_Given information_
= Beginning of Section =

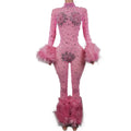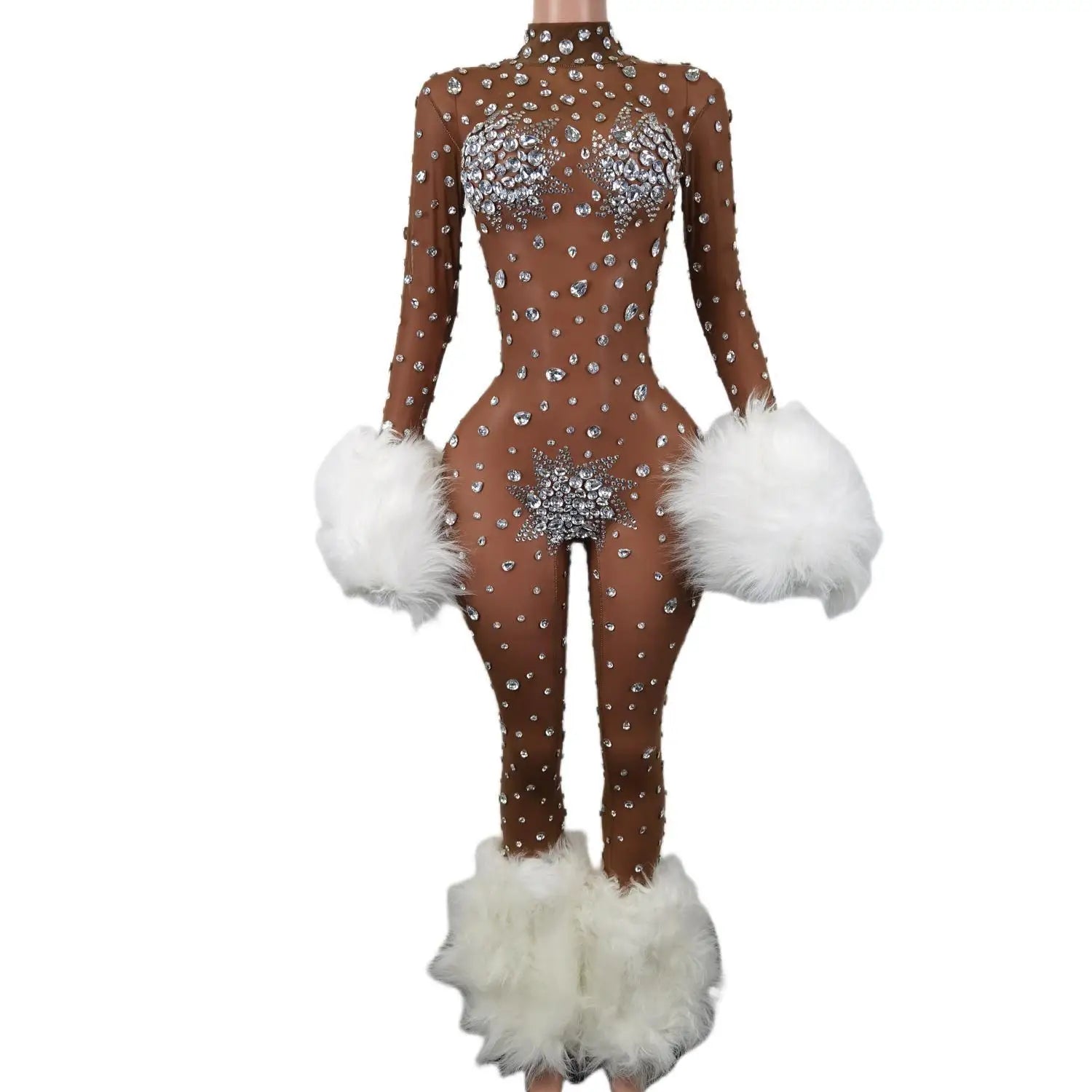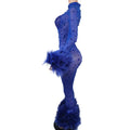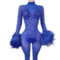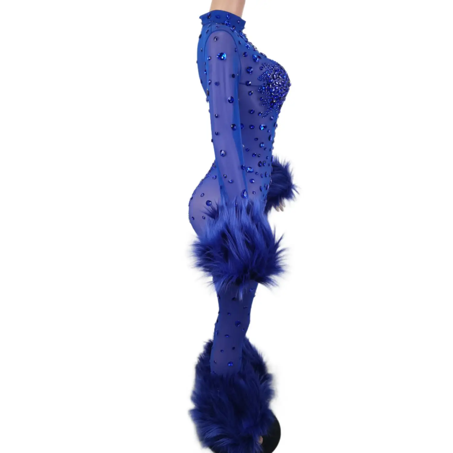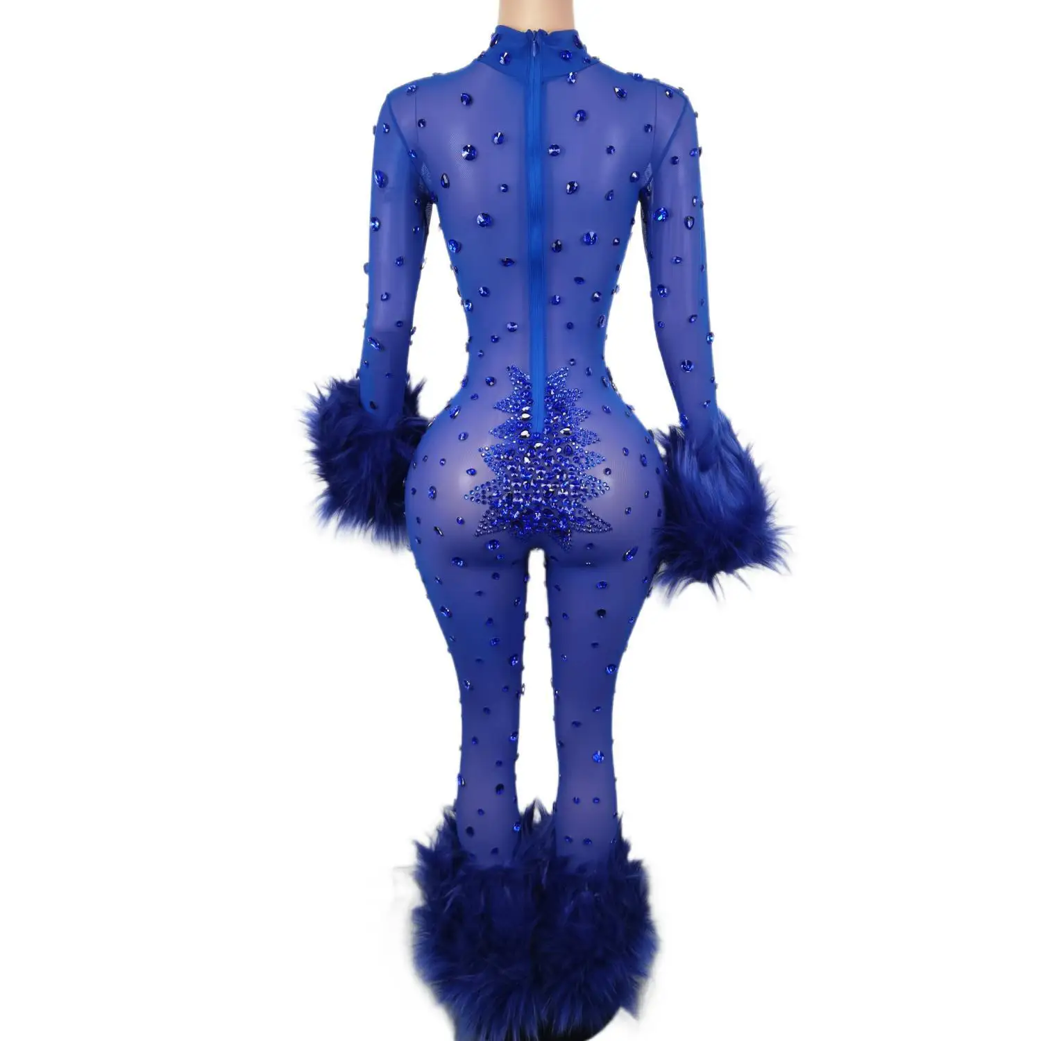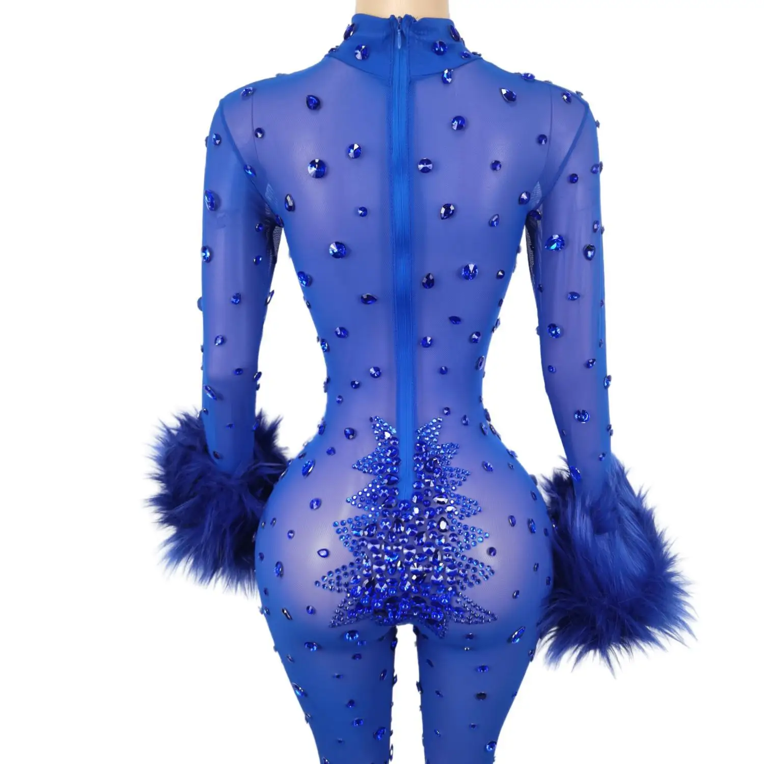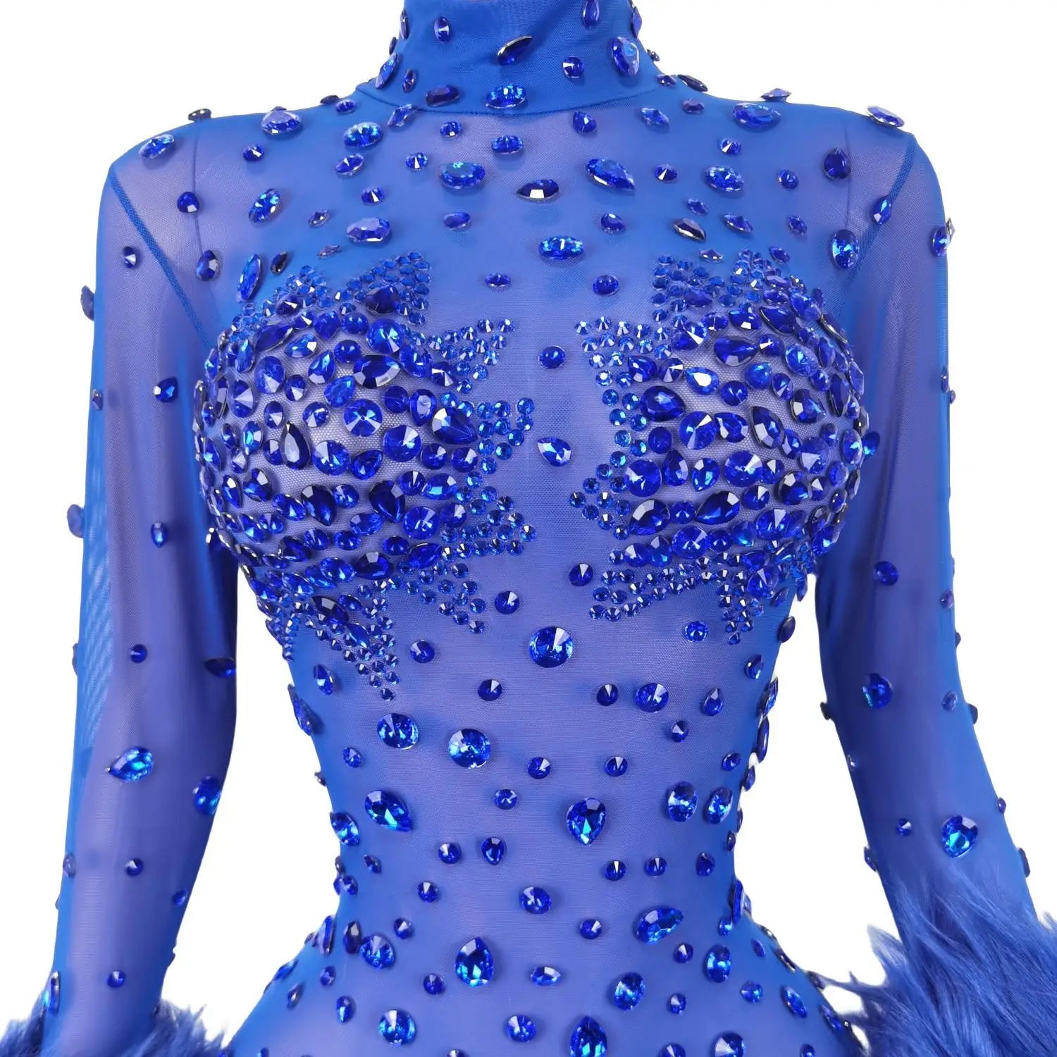 Superbe combinaison transparente en fourrure bleue ornée de strass pour danseurs et artistes - Costume de scène slim à manches longues
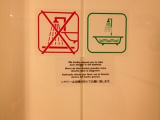 Voor veel hotels is afschot een onbekend begrip. Onhandig staand of zittend douchen in bad is ook waardeloos. Gevolg wateroverlast en een kletsnatte badkamer. Voor hoteleigenaren is het ook niet gemakkelijk blijkt uit onderstaande mededeling die ik vond in het Novotel in Amsterdam. Het blijft behelpen.
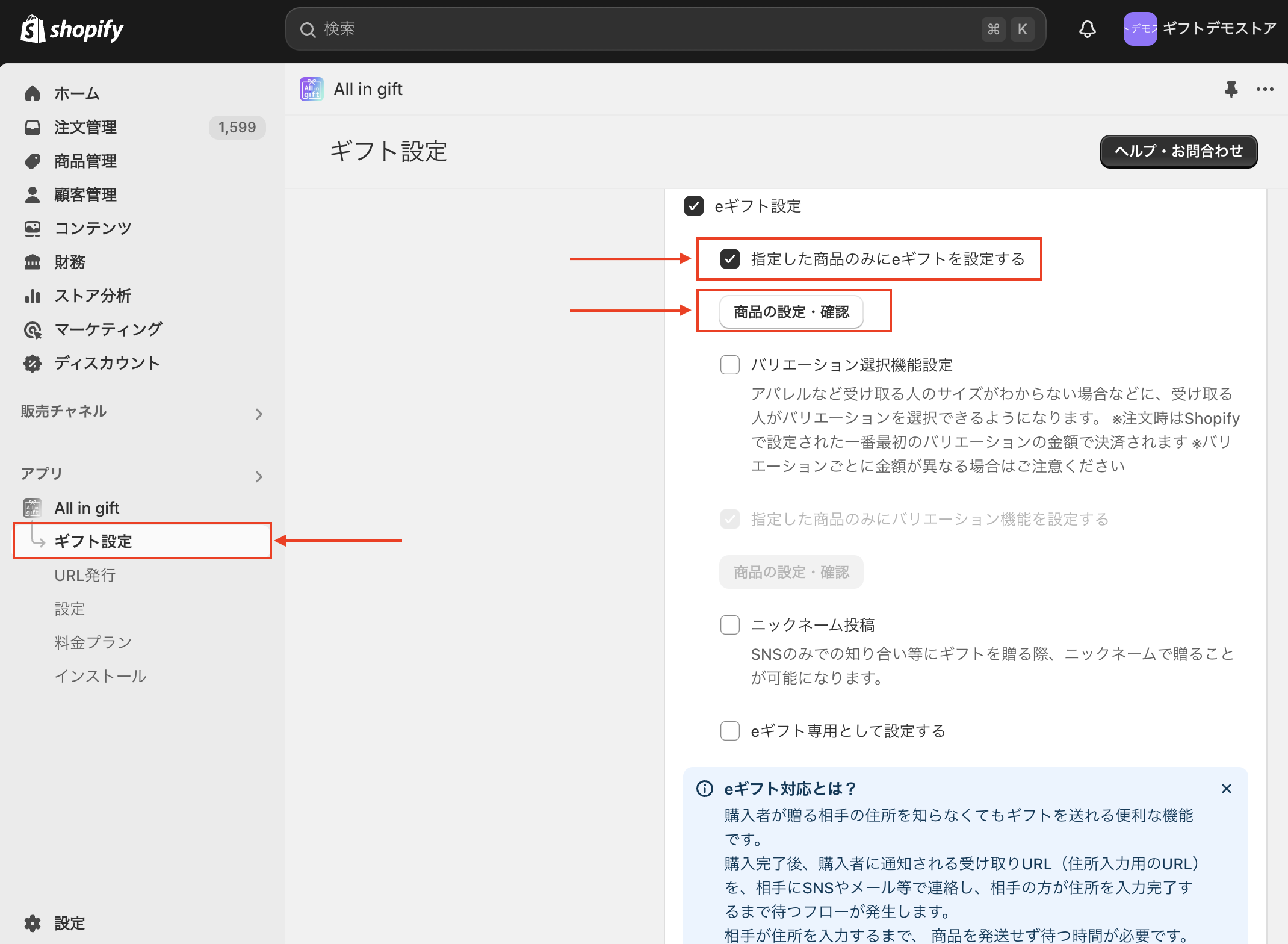 アプリ > All in gift > ギフト設定 > eギフト設定に進む

= End of Section =

_Problem_
Write out the listing again word for word, but without its pictures.

_Output of the exercise_
 Superbe combinaison transparente en fourrure bleue ornée de strass pour danseurs et artistes - Costume de scène slim à manches longues
 Voor veel hotels is afschot een onbekend begrip. Onhandig staand of zittend douchen in bad is ook waardeloos. Gevolg wateroverlast en een kletsnatte badkamer. Voor hoteleigenaren is het ook niet gemakkelijk blijkt uit onderstaande mededeling die ik vond in het Novotel in Amsterdam. Het blijft behelpen.
 アプリ > All in gift > ギフト設定 > eギフト設定に進む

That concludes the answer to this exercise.